Сама проповедь Конфуция и «Лунь юй» показывают, что в Китае не было некой отвлеченной философии, далёкой от жизни. Китайские мудрецы умели удивительным образом связывать мир видимый, каждодневный, изменчивый и мир метафизический, вечный и неизменный, мир чистого духа и сокровенного знания. Можно быть одновременно политиком и философом, великим стратегом и мистиком, как, например, знаменитый военачальник Сунь-цзы (VI–V вв. до н. э.) или как тот же Конфуций, постоянно соприкасавшийся с делами управления. Такая двойственность не характерна для европейской культуры, требовавшей от человека жёсткого выбора – или политик, или отшельник. Китай же, наоборот, ставил во главу угла человека в равной степени духовного и социально активного (это отнюдь не исключало существования отшельников, монахов и аскетов). Более того, человек, не приобщённый к духовным учениям, и правитель, не окруживший себя мудрецами, не мог удержаться на троне, а долг мудреца – предложить свой ум для решения политических проблем. Эти предложения делались в чисто китайской, конфуцианской манере – намёками, хитроумными отказами, т. е. с соблюдением всё того же ритуала прихода мудреца на службу, и эта машина «прихода во власть», запущенная ещё в эпоху Борющихся царств, действовала в течение многих веков.

Само же конфуцианство оказалось не просто набором отвлечённых рассуждений об идеалах человеколюбия, искренности и долге, но вполне практичным социальным и этическим учением. Конфуцианство стало именно той традицией, которая реально воплотила хотя бы часть своих идеалов в жизнь. И, понимая это, в обыденности проповеди Конфуций открывает перед нами внезапный мистицизм самопрозрения человека, что «вечно претворяет изученное».

Слово, оставленное Учителем: «Лунь юй»

То, что нам сегодня известно под названием «Лунь юй», естественно, не является изначальными словами Конфуция и, более того, – хронологически точным описанием событий его жизни. Это скорее труд политический – облик Конфуция в нем подан так, как он представлялся правильным государству. И в этом смысле «Лунь юй» – не книга о том, как говорил и действовал Конфуций, а описание того, как он должен был бы действовать и говорить.

Очевидно и другое – через бесконечный частокол увещеваний и «мудрых высказываний» проступает живой, реальный Конфуций: громогласный и сомневающийся, осторожный и решительный, торжествующий и покинутый духами. Именно «Лунь юй», а не исторические описания Конфуция, сделали его облик чрезвычайно обаятельным, живым и очень сложным.

Что вообще мы подразумеваем, говоря о «Лунь юй»? На первый взгляд, здесь все достаточно просто – это компиляция высказываний и событий из жизни Конфуция.

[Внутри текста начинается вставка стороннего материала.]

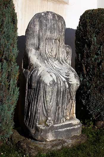 - Sitzstatue einer einheimischen Frau: Lehnsessel, Tunica mit Gürtel, Umhang, Brustschmuck, Halsband mit Lunula.
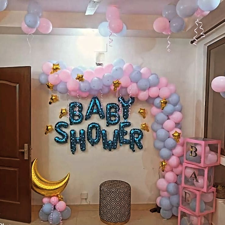 This charming baby shower decoration is perfect for creating a magical and cozy celebration for the mom-to-be. Featuring a half-arch balloon garland with pastel pink and blue balloons, accented by golden star balloons, this setup is a wonderful choice for both baby boy and baby girl themes.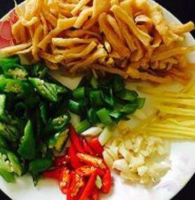5. 萝卜干切段,杭椒和小红辣椒滚刀切、大蒜拍碎切颗粒,姜切丝、青蒜切小段。

Частично высказывания, встречающиеся в «Лунь юе», повторяются в «Ли цзи» («Записях о ритуале») иногда абсолютно точно, но чаще в переложении или с небольшими изменениями. Ряд историй и высказываний также повторен в более поздней книге «Мэн-цзы», но так или иначе нигде не встречается точной «кальки» исходного текста.

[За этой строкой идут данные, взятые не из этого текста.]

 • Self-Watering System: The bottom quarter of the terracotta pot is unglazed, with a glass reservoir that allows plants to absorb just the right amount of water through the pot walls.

В современном варианте «Лунь юй» содержит 20 книг или глав. Традиционно главу принято называть по первым значимым словам этого раздела, например, глава первая именуется «Учиться и...», глава вторая – «Осуществлять правление» и т. д.

Известная нам сегодня структура «Лунь юя» сложилась не сразу, очевидно, что по Китаю ходило несколько вариантов или списков этого труда, причем каждый считался «истинным». Такая ситуация складывалась вокруг практически всех известных китайских духовных произведений, в том числе, например, «Лао-цзы», «Чжуан-цзы», «Мэн-цзы»: одновременно циркулировало несколько версий, составленных учениками и последователями, которые оспаривали право первенства и истинности в продолжении традиции.

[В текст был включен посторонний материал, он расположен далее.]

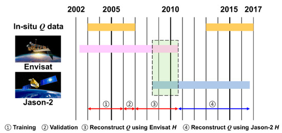 Secondly, the trained ELQ can reconstruct Q for the ungauged period (test period) from January 2007 to October 2010. However, since the Envisat satellite moved to a new orbit on October 22 2010, the trained ELQ cannot be used to reconstruct Q after that date. Therefore, it is required to use other radar altimetry data; in this case, the Jason-2 altimeter. In contrast to a previous study [26] adopting multi-mission radar altimetry data with a single rating curve, consideration of inter-mission biases is not required in this study. In other words, rating curves generated from different altimetry missions in [26] should consider the inter-mission biases because locations for estimating Q had to be close to VSs, and locations of VSs from several altimetry missions are not generally matched. On the other hand, since ELQ obtains a relationship between H variations at several different VSs and historical Q data at a specific station, ELQ does not need to consider inter-mission biases. In other words, several rating curves for the ELQ process with multi-mission altimetry data can be obtained not at a single location, but at several different distant locations. In addition, owing to the overlapping period between Envisat and Jason-2 altimetry missions, the training step for Jason-2 was separated from the one for Envisat. Therefore, it is not required to consider inter-biases in this study.

Сегодня невозможно назвать точную цифру количества разных вариантов «Лунь юя». К концу I века было известно по меньшей мере три труда, которые потом легли в основу «Лунь юя». Два труда были связаны с названиями царств «Лу лунь» – «Речения царства Лу» из двадцати глав, и «Ци лунь» – «Речения царства Ци» в двадцать две главы. К последнему труду прилагались еще две главы – «Вэнь ван» и «Ши тао», которые хотя и являлись частью общего корпуса текстов, но все же повествовали не о Конфуции. Третий труд получил название «Гу лунь» – «Древние речения», он состоял из двадцати одной главы и был обнаружен, по преданию, в стене дома Конфуция.

Именно эти три «Речения» перечисляются в самом раннем упоминании о труде Конфуция – «Истории династии Хань», принадлежавшем кисти известного историка Пань Гу. Хроники эти, дошедшие до нас с большими лакунами, были закончены в I в. н. э., и таким образом мы имеем достаточно позднее упоминание о беседах Конфуция – со времени его ухода из жизни прошло более четырехсот лет.

Эти три сборника «речений» были во многом схожи, но все же не одинаковы. Прежде всего они заметно расходились по своему объему. Скорее всего «Ци лунь» был самой обширной компиляцией речений Конфуция, по своему объему этот труд превосходил «Лу лунь», о чем, в частности, упоминает историк-конфуцианец Лю Дэмин (556–627). В точности сложно сказать, то ли «Речения царства Ци» содержали большее количество глав, то ли по числу высказываний и стихов были более многочисленны.

Очевидно, что канонизации Конфуциева учения еще не произошло – этого просто не могло случиться при наличии трех (а возможно, и большего количества) вариантов его высказываний. А это значит, что до того Конфуций не только не считался «учителем учителей», но занимал в исторической ретроспективе позицию немногим выше, чем ряд других духовных учителей. Такое множество вариантов трудов одного и того же мудреца можно считать нормативом ранней истории Китая. Достаточно упомянуть, что известно несколько списков «Дао дэ цзина» («Канон Пути и Благодати») Лао-цзы, где встречаются разночтения. Более того, обнаруженный в 90-х гг. вариант этого трактата, записанный на бамбуковых дощечках (до этого варианты II в. были записаны на шелке, т. н. «шелковые книги»), оказался существенно, почти в два раза короче, чем широко известная сегодня версия «шелковых книг». Таким образом, слова мудрецов дополнялись, дописывались и в конце концов превращались в компиляцию, но компиляцию высказываний не только самого духовного наставника, но и мыслей его учеников и последователей по принципу «что мог бы сказать учитель по этому поводу».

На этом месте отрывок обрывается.